Hepatotoxicity was defined as alkaline phosphatase or aspartate aminotransferase level greater than 3 times the upper limit of normal value.

^{^h}

Muscle toxicity was defined as creatine kinase level greater than 10 times the upper limit of normal value, or presence of muscle pain, myopathy, or rhabdomyolysis.

Figure 3. — The trial was not powered to allow definite conclusions based on the results of the subgroup analyses. Systolic blood pressure data were missing in 8 patients in the immediate statin group and 5 patients in the delayed statin group. Data on 50% or greater symptomatic stenosis were missing in 71 patients in the immediate statin group and 61 patients in the delayed statin group. NIHSS indicates National Institutes of Health Stroke Scale.

Secondary Outcomes

The secondary efficacy outcome of poor functional outcome at 90 days occurred in 299 participants (9.8%) in the immediate-intensive statin group and in 348 participants (11.4%) in the delayed-intensive statin group (OR, 0.83; 95% CI, 0.71-0.98) (Figure 2C, Table 2, and eFigure 2 in Supplement 3). More sensitivity analyses are shown in eTable 7 in Supplement 3. Composite vascular events within 90 days occurred in 251 participants (8.2%) in the immediate-intensive statin group and in 260 participants (8.6%) in the delayed-intensive statin group. Ischemic stroke occurred in 235 participants (7.7%) in the immediate-intensive statin group and in 247 participants (8.1%) in the delayed-intensive statin group. Other secondary end points are presented in Table 2. As for the analysis of prespecified subgroups for the poor functional outcome, there were significant interaction effects with statin treatment × diabetes (P value for interaction = .01), indicating possible treatment effect in participants without diabetes (eFigure 2 in Supplement 3).

Adverse Events

The primary safety outcome, moderate to severe bleeding defined by the GUSTO criteria, occurred in 23 participants (0.8%) in the immediate-intensive statin group and 17 participants (0.6%) in delayed-intensive statin group (HR, 1.36; 95% CI, 0.73-2.54; P = .34) (Figure 2B and Table 2). The rate of secondary safety outcomes was similar across the 2 groups, including hepatotoxicity, muscle toxicity, all-cause mortality (Table 2), other adverse events (eTable 4 in Supplement 3), and severe adverse events (eTables 5 and 6 in Supplement 3). The overall adverse event occurred in 693 participants (22.7%) in the immediate-intensive statin group and 605 participants (19.8%) in the delayed-intensive statin group (P = .006) (eTable 4 in Supplement 3). The results of the per-protocol analysis of safety were consistent with those of the primary intention-to-treat analysis (eTable 3 in Supplement 3).

Discussion

In this doubled-blind, placebo-controlled, randomized clinical trial in Chinese patients with mild ischemic stroke or high-risk TIA presumed to be caused by atherosclerosis, immediate-intensive statin therapy showed no significant difference compared with delayed-intensive statin therapy in reducing the risk of stroke. However, secondary analysis suggested that immediate treatment may be associated with reduced risk of poor functional outcome at 90 days, compared with delayed-intensive statin therapy.
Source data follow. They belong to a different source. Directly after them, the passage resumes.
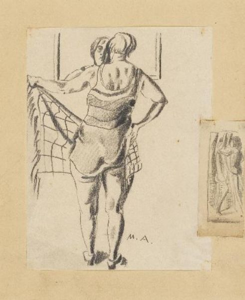 OHNE TITEL (FRAU IM BADEANZUG MIT HANDTUCH VOR SPIEGEL)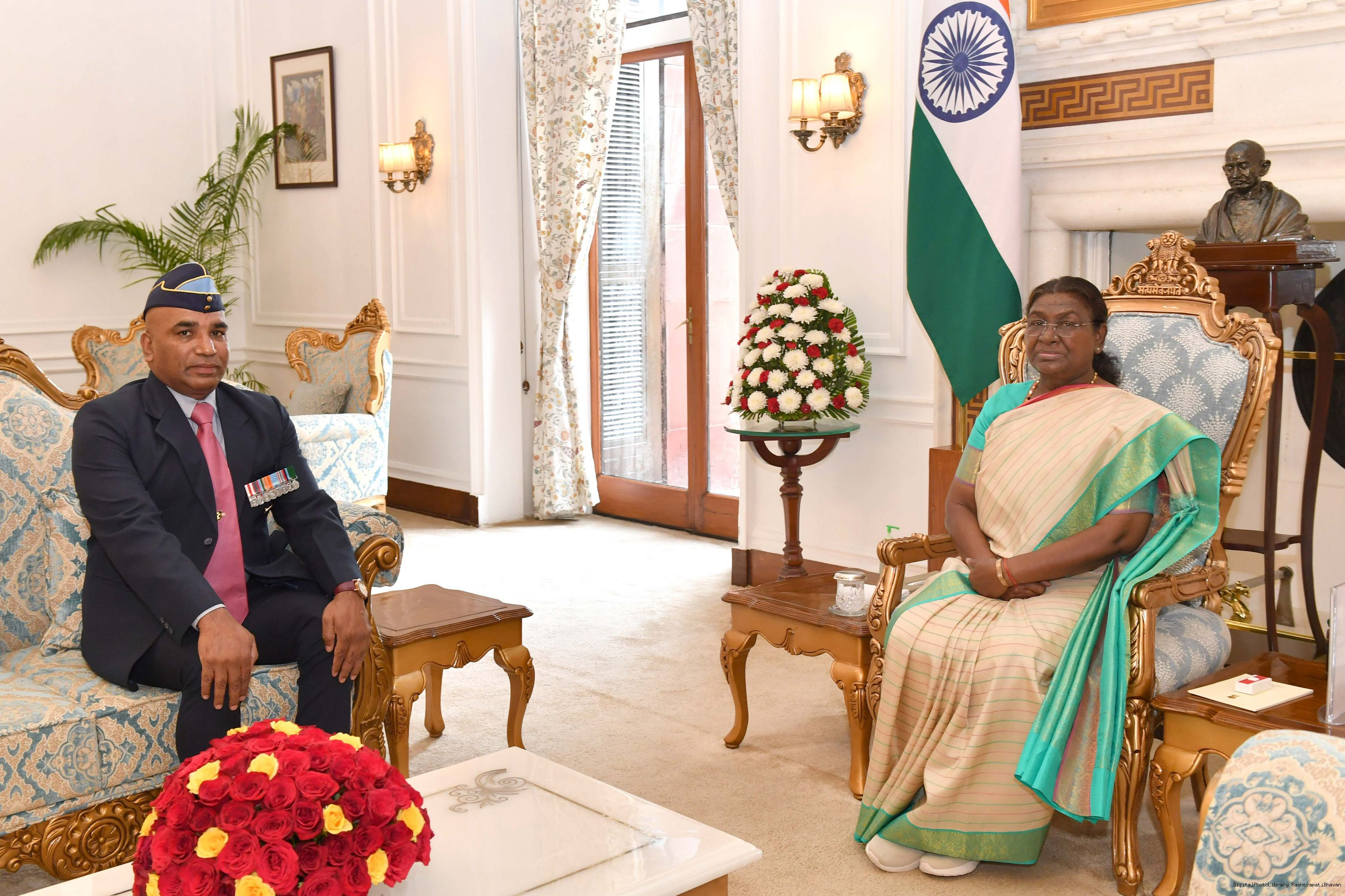 | Caption: | Lt. Col (Dr.) Dharamdatt Goel (Retd), a war-disabled soldier meeting with the President of India Smt. Droupadi Murmu at Rashtrapati Bhavan on September 9, 2024. |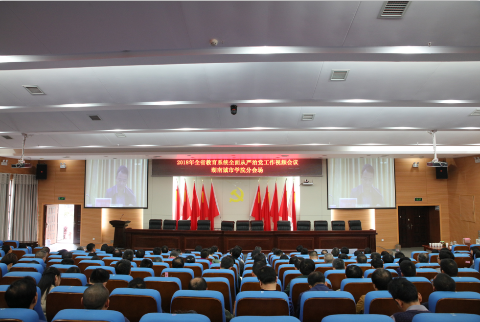 4月4日,全省教育系统全面从严治党视频会议在长沙召开。我校在家的校领导、副处以上干部,人事处等部分二级单位的科级干部共154人在图书馆报告厅收听收看会议。

There were no substantial differences observed in the incidence of adverse events, such as bleeding, hepatotoxicity, or muscle toxicity, between the 2 groups.
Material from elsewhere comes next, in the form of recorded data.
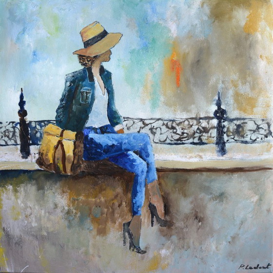 This captivating artwork depicts an elegant woman seated on a low wall, lost in a gentle reverie. She wears a wide-brimmed straw hat and a dark green jacket that contrast beautifully with her bright blue jeans. The artist uses rich, textured tones to create a serene and contemplative atmosphere. The blurred background, blended with pastel hues, accentuates the tranquility of the moment. Beside her, a bright yellow bag adds a touch of modernity and dynamism to the scene. The subtle play of light on her high heels lends a sophisticated dimension. The composition harmoniously balances the elements, reflecting a fusion of nostalgia and modernity. The meticulous details, combined with a carefully chosen color palette, make this painting a true celebration of contemporary elegance and femininity.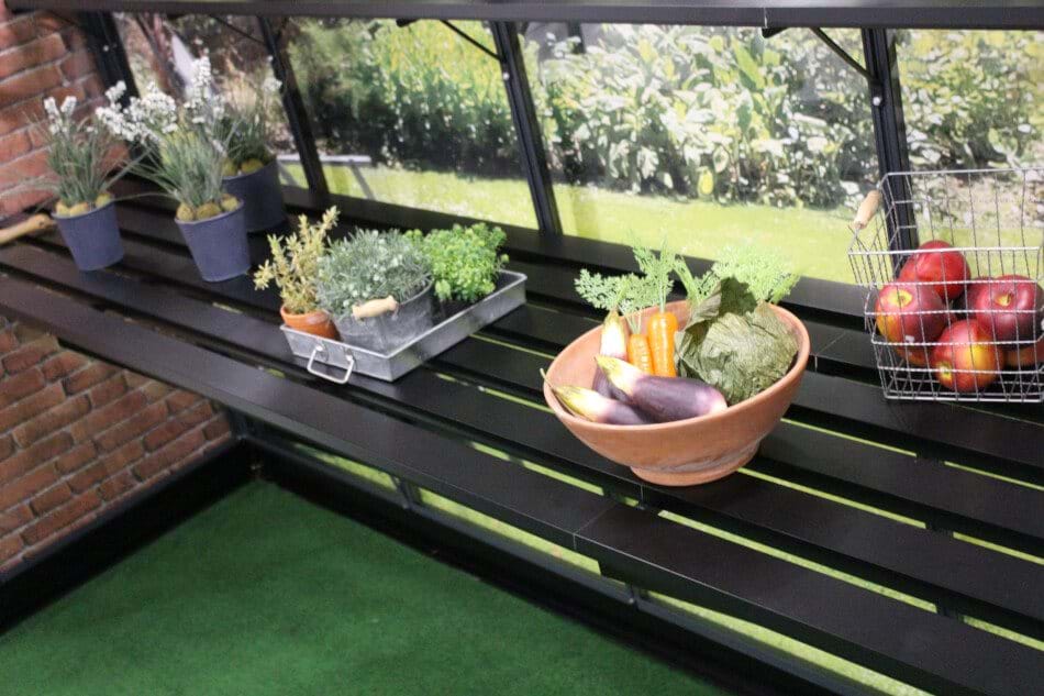 Hvis der i dit drivhus er brug for meget bordplads, så er drivhusbordet med lameller en perfekt løsning. Bordet udnytter hele langsiden i drivhuset ved at gå fra gavl til gavl. Bordet består af seks baner med lameller, der er lavet i sort pulverlakeret aluminium, og som fastgøres på afstivningsprofiler, der nemt monteres i drivhusets tremmer.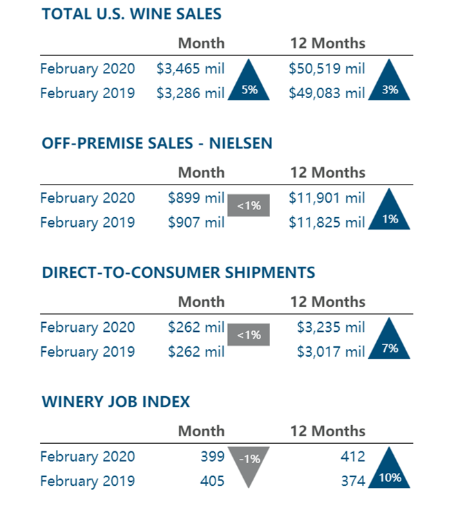 市場研究公司bw166報告稱,在過去的12個月中(截至2月底),美國葡萄酒的總銷售額增長了3%,達到505億美元,2月當(dāng)月的總銷售額增長了35億美元。在截至2月22日的四個星期中,銷售額下降了1%,至8.65億美元。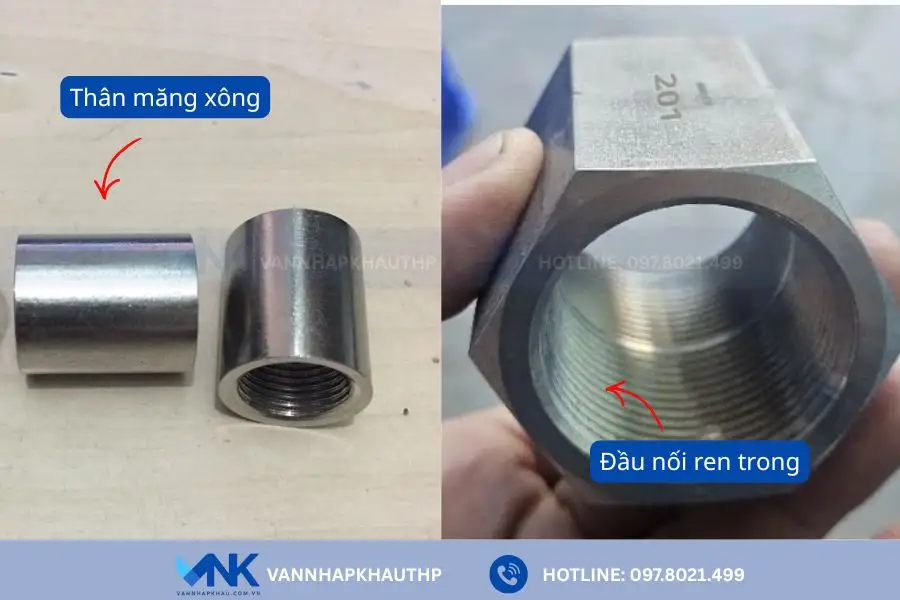 Nối măng xông inox nối ren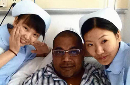 廣州現(xiàn)代醫(yī)院腫瘤病區(qū)的患者多為海外患者,溝通不便,生活習(xí)慣不適,長期的住院對他們是個(gè)很大的挑戰(zhàn)。為了讓海外患者能盡快適應(yīng)醫(yī)院的治療生活,鄢璟自學(xué)一些常用的外語,在日常護(hù)理工作中會經(jīng)常抽空到病房與患者“拉家常”,有時(shí)候還用手勢比劃聊天。譚玉秋則是患者眼中的開心果,會給患者講笑話,寬慰患者的心情。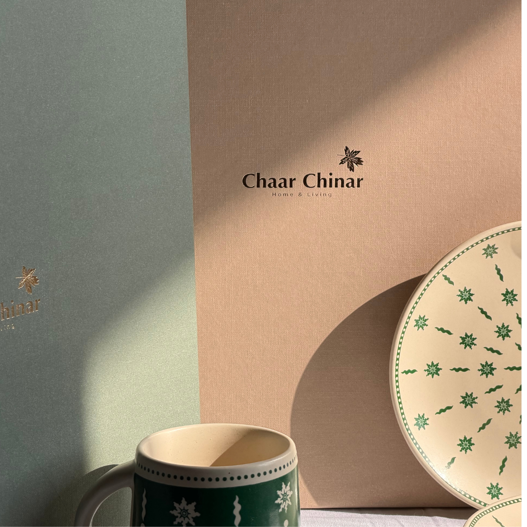 These mugs and snack plates for four are perfect for everyday coffee or chai breaks.

Currently, guidelines recommend high-intensity statins for secondary prevention for patients with ischemic stroke.⁷ The mechanisms of improving outcomes by statins after ischemic events may include LDL-C lowering, neuroprotective effects, and enhancing endothelial function.^29,30 However, evidence for the effect of statins in reducing stroke recurrence after immediate administration in patients with acute ischemic stroke remains unclear, particularly in the acute phase (within 72 hours). Previous trials did not focus on this critical period,^5,31 and recent randomized clinical trials did not show a significant effect on reducing the risk of new stroke.^11,12 However, retrospective analyses and meta-analyses have suggested a positive effect on survival.^32,33 In this large-scale randomized controlled trial, we did not find significant difference of the incidence of new stroke between immediate-intensive statin and delayed-intensive statin group within 72 hours of stroke onset, which is similar to the results of the Effects of Very Early Use of Rosuvastatin in Preventing Recurrence of Ischemic Stroke (EUREKA) study.¹²

Previous animal experiments and randomized clinical trials indicated contradictory results of statin administration after stroke.³⁴ Our study demonstrated that immediate-intensive statin therapy was marginally associated with improved functional outcomes at 90 days, different from the results of the Stroke Treatment With Acute Reperfusion and Simvastatin (STARS) and Administration of Statin on Acute Ischemic Stroke Patient (ASSORT) trials.^11,13 Moreover, patients without a history of diabetes or dyslipidemia might receive the pronounced clinical benefit from immediate-intensive statin with better functional outcome. The discrepant results may be attributed to the differences in sample sizes of each trial, stroke etiology differences, and inadequate doses of statins in previous studies. Our study provides some evidence of the benefits of early intensive statin therapy for patients with acute ischemic stroke, but results will need to be repeated in a trial focused on functional outcome as a primary outcome.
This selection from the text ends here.